Entre l’école et l’entreprise : la discrimination ethnico-raciale dans les stages Page 34 La première partie de cette thèse est consacrée à poser de façon détaillée mon cadre d'analyse et les points d'appui théoriques, ainsi que le cadre épistémologique et la méthodologie de la recherche. J'aborderai en premier lieu le cadre conceptuel relatif à la catégorisation ethnico- raciale et aux rapports de pouvoir sur ce mode, à une théorie globale des frontières et de leur gestion, et à la discussion du concept de discrimination (chap. I). Après avoir présenté la construction et l'état tant scientifique que politique de la question de la discrimination, je poserai plusieurs éléments d'un cadre théorique susceptible d'appréhender les enjeux de contrôle sur l'imaginaire de l'institution et conséquemment sur le statut attribué aux idées d'ethnicisation et de discrimination (chap.II). Le troisième chapitre présentera les conditions de validité d'une posture de sociologie publique, puis présentera les modalités de construction des terrains et de recueil du matériau soutenant cette recherche (chap.III).

La seconde partie de la thèse met au travail les matériaux et déploie l'analyse, en suivant le schéma suivant.
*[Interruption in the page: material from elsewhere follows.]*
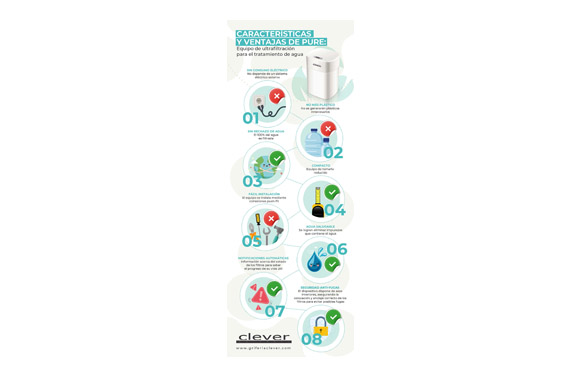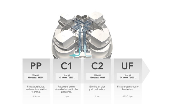 Equipo para el filtrado de agua que combina con cualquier tipo de cocina. Reduce el consumo de plásticos, ahorrando en la factura del agua EQUIPO SIN RECHAZO DE AGUAy ofreciendo una calidad excelente en las propiedades del agua filtrada. El sistema Pure cuenta con cuatro cartuchos instalados para el filtrado del agua. El primer cartucho es el de polipropileno que filtra las partículas, sedimentos, óxido y la arena. Las dos siguientes estaciones del agua son los filtros de pre-carbono y post-carbono diseñados para reducir el cloro, absorber las partículas pequeñas y eliminar el olor y el sabor del agua. El cuarto cartucho es el denominado de ultrafiltración, que cierra el circuito reduciendo los organismos y bacterias restantes.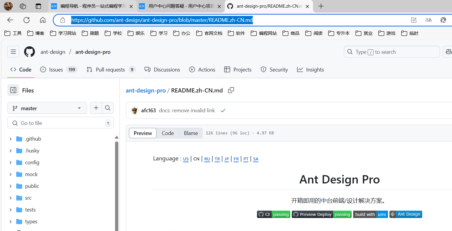 Ant Design Pro 的官方文档地址: https://pro.ant.design/zh-CN/docs/getting-started

Je montrerai d'abord de façon générale divers procédés d’ethnicisation, leur banalité et leurs effets pratiques dans la gestion des normes, de l’ordre et des frontières scolaires, en m'attachant à leur(s) sens dans l'institution. J’en proposerai un modèle d’interprétation, à partir de la problématique des frontières. Je traiterai dans le même temps des procédés de dénégation du phénomène, à la fois dans leurs formes et dans leur sens (chap. IV). Je m'attacherai ensuite à poser le cadre d'une problématique propre des stages. Ceci, d'abord du point de vue du sens de ce dispositif dans les transformations de l'institution, et dans le déplacement du centre de gravité des politiques publiques vers un référentiel d’insertion. Il s'agira à partir de là de voir l'ordre réel de fonctionnement des stages, de la relation école- entreprise aux procédés de gestion des mises en stage. Je proposerai un modèle de lecture des tensions traversant le dispositif, et dont la gestion pratique conduit à accentuer la logique normalisatrice à l'égard des élèves sous couvert d'un consensus entre l'école et l'entreprise (chap. V). En articulant les deux dimensions précédentes, je montrerai comment est traitée la question de la discrimination dans les stages. On s'intéressera aux procédés de gestion du statut du problème (notamment son invisibilisation) ainsi qu'aux pratiques d'arrangements et de coproduction de la discrimination. En établissant des processus de mise en continuité entre l'école et l'entreprise, via des phénomènes d'ethnicisation, on s'intéressera finalement aux modes de justification et aux pratiques de maintien sous contrôle du phénomène par une action directe sur les élèves (chap. VI). Pour finir, je laisserai la parole aux élèves. Il s'agira de voir ce qu'ils font de l'expérience discriminatoire, et comment ils gèrent celle-ci en relation avec leurs projections dans l'école (chap. VII).